And while we definitely do not want dictators, these are the kinds of issues that dictators can readily identify. Often dictatorships end up being some kind of Elon Muskian horror show where it's about assuaging the petty ego of a megalomaniac who thinks they know everything, but at least if we assume a competent dictator, they wouldn't let people starve while half the economy worked on making blockbuster sitcoms.
We do not need a dictatorship to advocate for direct planning and coordination. It does not even requiring suspending principles of market freedom and commercial autonomy. You simply have to make the case for it, and allocate public resources to support that.
The underlying issue in contemporary economic thinking is what I call "abundance scarcity", ie, the paradox of thrift. This is no paradox, but a simple case of economic gridlock caused by excessively fierce competition for an oversized pie.
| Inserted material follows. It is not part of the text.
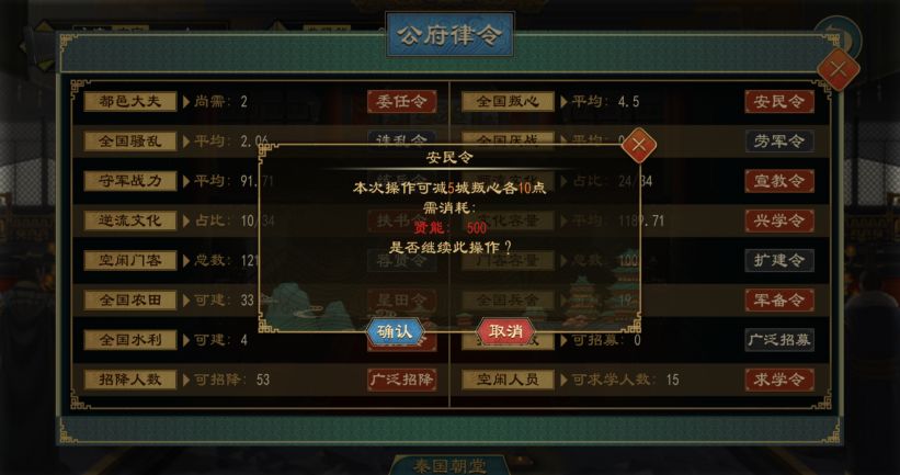 当叛心过高时,最快捷的方法是使用公府律令内的 【安民令】 ,消耗部分贤能值降低叛心。除此之外也可以通过对叛心过高城邑进行人口迁移、调低税率、减少隶工和预备役等方式来降叛心。

This is not just on economists, because most of us tend to think about unemployment as a scarcity issue, not an issue of abundance, nevertheless, economists still often embrace "austerity", which really amounts to "passivity", despite whatever else they may be able to throw around in one liners about "lump of labor fallacy", "giffen goods", or the "lucas critique".
This is a common pattern in economics, instead of rethinking things from the ground up, they come up with a name for some tricky "exception", like they were training for the most boring game of trivia pursuit. This leads to what I will now call the "summer's effect", where an economist hedges all possible outcomes as equally likely.
If every rule is an exception, then what rule do you use to decide which exception to expect to overrule the previously accepted exemption?
At this point, you just aren't thinking about the problem clearly.